- RECORDED DATA

○ ○ ○ ○ ○

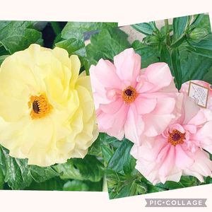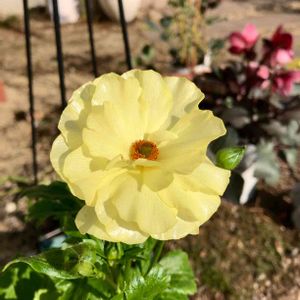 昨日お迎えしたラナンキュラスラックスハリオス ラックスはワックス感をうまく撮影するのが難しい… 明るいレモンイエローの可愛い花 去年からいるアリアドネのピンク& キュベレーのアプリコットオレンジと 一緒に咲く姿が見られたら良いです✨
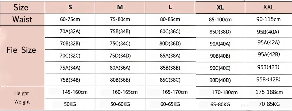 Размер XXL: обхват талии 90-115 см предложение бюстгальтера: 95A(42A)/95B(42B)/95C(42C)/95D(42D)/100A(44A)
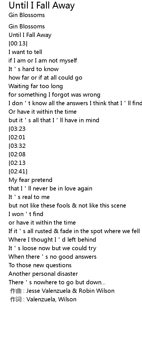 | [03:08][02:13][01:10] | Until I fall away... |
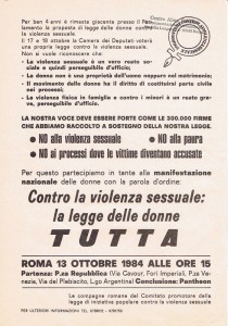 5 febbraio 1983 – Volantino manifestazione contro la votazione della Camera sulla legge contro la violenza sessuale

○ ○ ○ ○ ○

- TASK OBJECTIVE
Skipping the pictures, transcribe each line above exactly as it appears.

- WRITTEN SOLUTION
 昨日お迎えしたラナンキュラスラックスハリオス ラックスはワックス感をうまく撮影するのが難しい… 明るいレモンイエローの可愛い花 去年からいるアリアドネのピンク& キュベレーのアプリコットオレンジと 一緒に咲く姿が見られたら良いです✨
 Размер XXL: обхват талии 90-115 см предложение бюстгальтера: 95A(42A)/95B(42B)/95C(42C)/95D(42D)/100A(44A)
 | [03:08][02:13][01:10] | Until I fall away... |
 5 febbraio 1983 – Volantino manifestazione contro la votazione della Camera sulla legge contro la violenza sessuale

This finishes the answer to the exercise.